Output exactly the lines from the one with "Pineapple Connection Medium" to the close of the records below, first and last included.

++++ SOURCE INFORMATION

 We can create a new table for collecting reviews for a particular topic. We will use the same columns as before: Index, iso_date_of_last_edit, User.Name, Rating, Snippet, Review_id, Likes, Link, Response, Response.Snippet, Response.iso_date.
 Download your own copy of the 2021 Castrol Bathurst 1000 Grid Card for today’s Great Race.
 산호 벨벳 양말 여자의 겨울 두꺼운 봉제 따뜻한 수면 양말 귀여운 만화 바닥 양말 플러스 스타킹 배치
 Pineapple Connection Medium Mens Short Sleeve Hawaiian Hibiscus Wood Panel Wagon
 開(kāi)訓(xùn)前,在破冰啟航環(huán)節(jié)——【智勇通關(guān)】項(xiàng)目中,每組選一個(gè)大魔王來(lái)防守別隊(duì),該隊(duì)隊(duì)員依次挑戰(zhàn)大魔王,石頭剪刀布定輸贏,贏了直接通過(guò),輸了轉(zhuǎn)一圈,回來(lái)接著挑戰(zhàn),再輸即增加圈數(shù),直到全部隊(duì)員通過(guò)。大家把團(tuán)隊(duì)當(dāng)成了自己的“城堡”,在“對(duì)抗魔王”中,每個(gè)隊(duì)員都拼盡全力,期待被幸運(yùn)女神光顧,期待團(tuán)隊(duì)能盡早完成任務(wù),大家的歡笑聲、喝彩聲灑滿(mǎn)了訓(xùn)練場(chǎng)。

++++++++

OUTPUT FOR THIS TASK:
 Pineapple Connection Medium Mens Short Sleeve Hawaiian Hibiscus Wood Panel Wagon
 開(kāi)訓(xùn)前,在破冰啟航環(huán)節(jié)——【智勇通關(guān)】項(xiàng)目中,每組選一個(gè)大魔王來(lái)防守別隊(duì),該隊(duì)隊(duì)員依次挑戰(zhàn)大魔王,石頭剪刀布定輸贏,贏了直接通過(guò),輸了轉(zhuǎn)一圈,回來(lái)接著挑戰(zhàn),再輸即增加圈數(shù),直到全部隊(duì)員通過(guò)。大家把團(tuán)隊(duì)當(dāng)成了自己的“城堡”,在“對(duì)抗魔王”中,每個(gè)隊(duì)員都拼盡全力,期待被幸運(yùn)女神光顧,期待團(tuán)隊(duì)能盡早完成任務(wù),大家的歡笑聲、喝彩聲灑滿(mǎn)了訓(xùn)練場(chǎng)。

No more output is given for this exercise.